AMERICAN KINGPIN The Epic Hunt for the Criminal Mastermind Behind the Silk Road By Nick Bilton
When Ross Ulbricht created the Silk Road, a clandestine online drug bazaar hidden on the deep web, he was a 26-year-old libertarian idealist living in Austin, Tex., talking his girlfriend’s ear off about Austrian economics and seasteading experiments — the idea of creating communities in the middle of the sea, free from government regulations. For all his lofty ambitions, he felt like a failure. He had flunked his Ph.D. exam and was unable to find a buyer for his seasteading gaming simulation. But with the Silk Road he was able to marry his business ambitions and anti-authoritarian philosophy; he envisioned it as a powerful way to defy what he perceived to be the state’s irrational drug policies. Using an anonymizing browser like Tor and the cryptocurrency Bitcoin, people could discreetly buy and sell drugs. Ulbricht taught himself to code and he began by selling mushrooms that he grew himself.
By the time Ulbricht was arrested two years later, the Silk Road was an estimated $1.2 billion business that expanded into heroin, guns, hacking tools, counterfeit cash and cyanide. Ulbricht, a former Boy Scout, had tried to commission five murders as the Dread Pirate Roberts, the pseudonym under which he ruled the site. The obsessive, dizzying manhunt to apprehend him involved a slew of government agencies and ended with a neck-breaking plot twist: double agents and hundreds of thousands of dollars in missing Bitcoin.
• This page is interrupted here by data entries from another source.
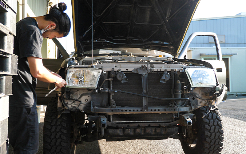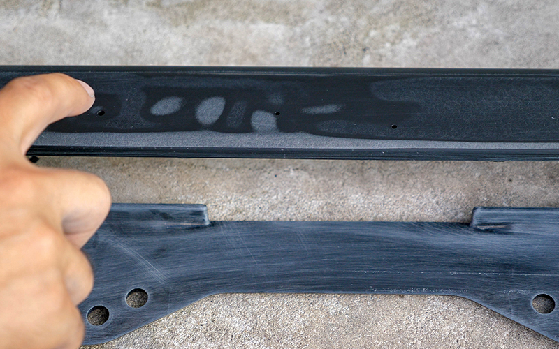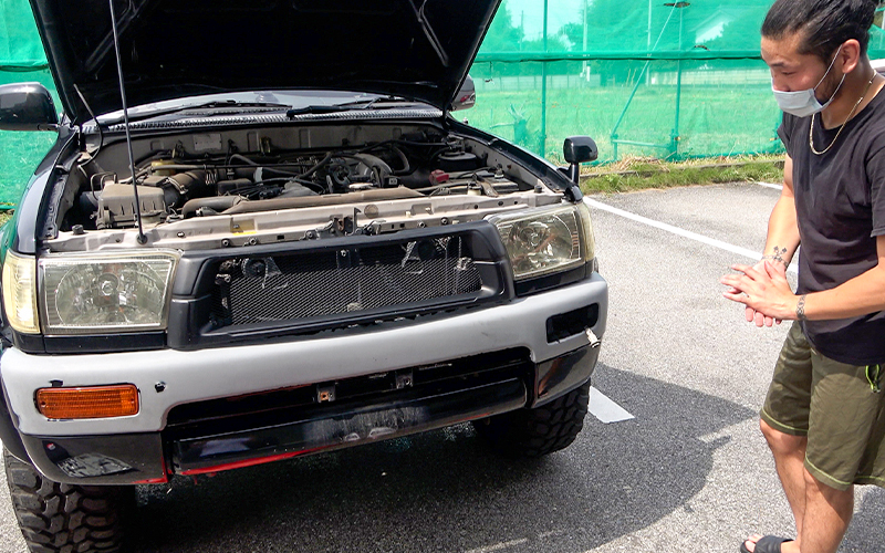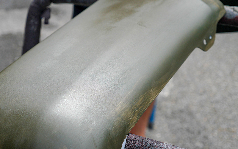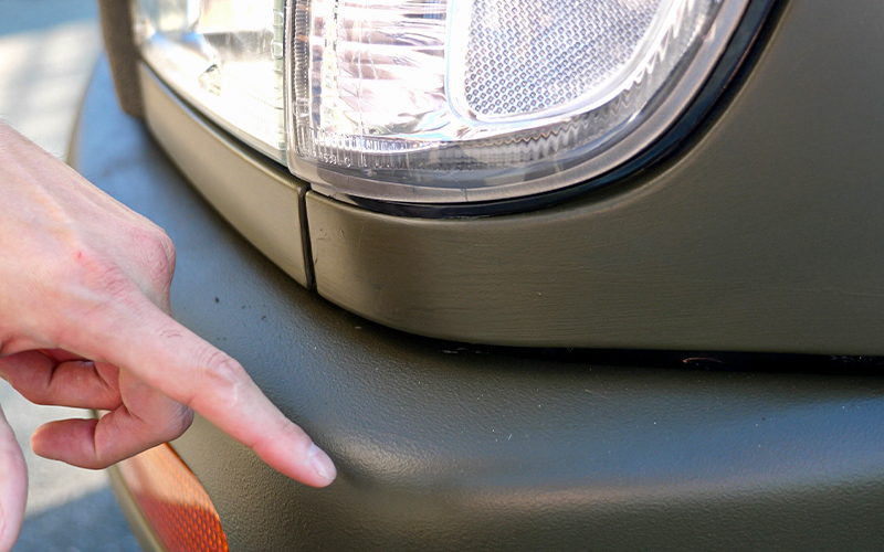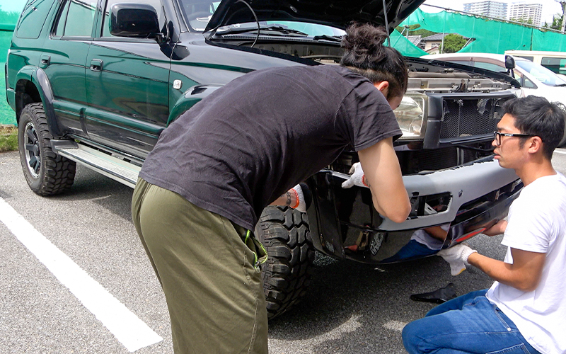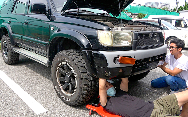 それで、始めに岩ちゃんが「フロントバンパーは高圧洗浄機で剥がれちゃった」っていう話をしていたんですが、今見てみると全部綺麗に剥がれていなかったので段差ができている箇所がいくつかありました。
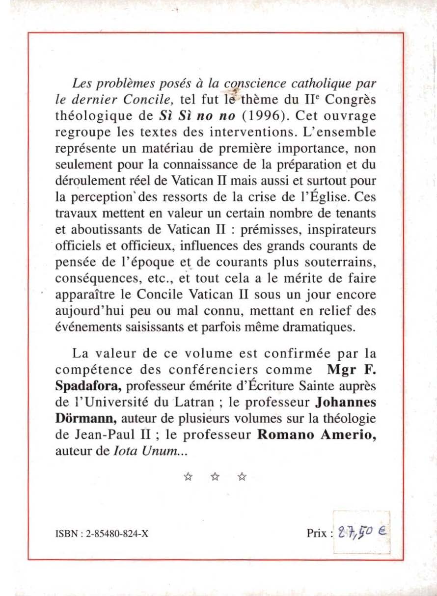 Église et Contre-Église au concile Vatican II 0 Aucun vote pour le moment Dates congrès: 2 et 5 janvier 1996Nombre de pages: 482 p. (épuisé) 27,00 € Price 25,60 € Google Plus Un Like Facebook Tweet Widget Ceci vous intéressera sûrement L'Église d'aujourd'hui : continuité ou rupture ? Principes catholiques pour rester fidèle à l'Église en ces temps extraordinaires de crise Les crises dans l'Église, les causes, effets et remèdes La tentation de l'oecuménisme
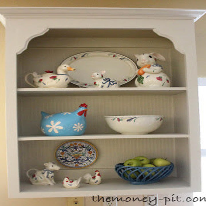 11. Remove the doors from a cabinet in your kitchen for low-cost but trendy open-shelving.
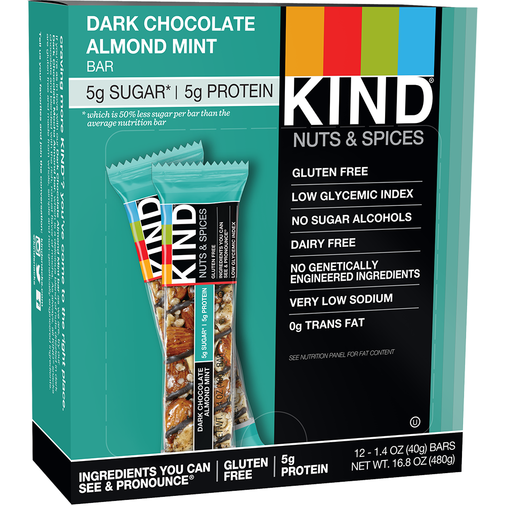 Loading... Please wait...Dark Chocolate Almond Mint is an incredible blend of whole nuts, mint and rich dark chocolate, that, with just 5g of sugar, only tastes like dessert.
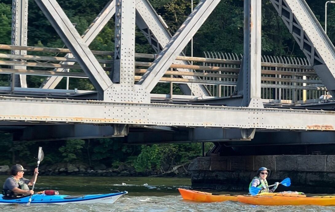 We paddle north from the Pier 84 Boathouse past the George Washington Bridge to the tidal strait that connects the Hudson River and Harlem River. Spuyten Duyvil Creek, whose name means “in spite of the Devil” in Dutch, is a quaint and scenic place to take an hour break to eat lunch. See the Little Red Lighthouse and Riverside Park on the way. We cover 18 miles round trip.
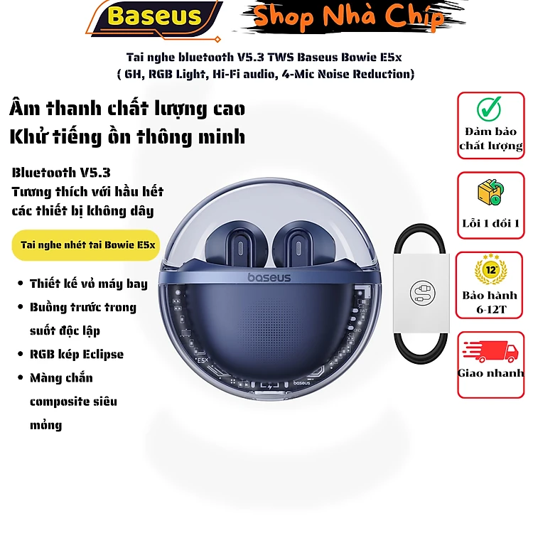 Tai nghe bluetooth V5.3 TWS Baseus Bowie E5x ( 6H, RGB Light, Hi-Fi audio, 4-Mic Noise Reduction) Hàng Chính Hãng
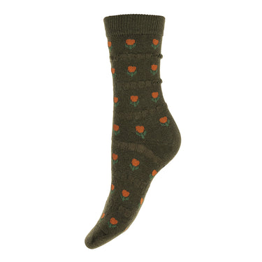 Dark green wool blend socks featuring vibrant orange tulips and a subtle ruched stripe. Elevate your sock game and add a pop of colour to any outfit.
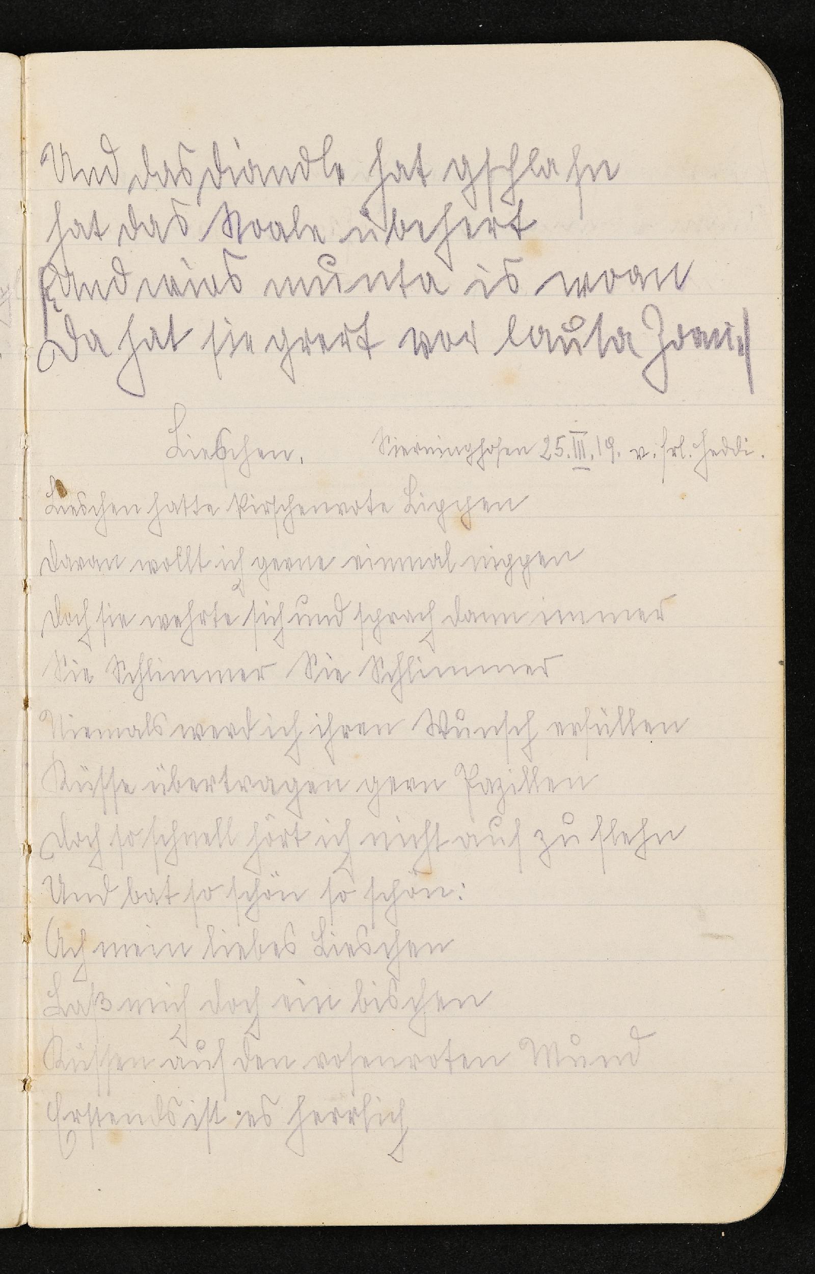 | Beschreibung | Notizbuch von Ludwig Pullirsch: Eintrag: Sierninghofen, 25. März 1919 mit Text "Liebchen", Seite 39 |

Ulbricht is currently appealing a life sentence for seven convictions, including narcotics, money laundering and the kingpin statute, more typically applied to Mafia bosses or cartel leaders. Evidence unearthed by federal agents included his journal, along with nearly two million words of chat logs between Dread Pirate Roberts and his underlings detailing the operations of the site.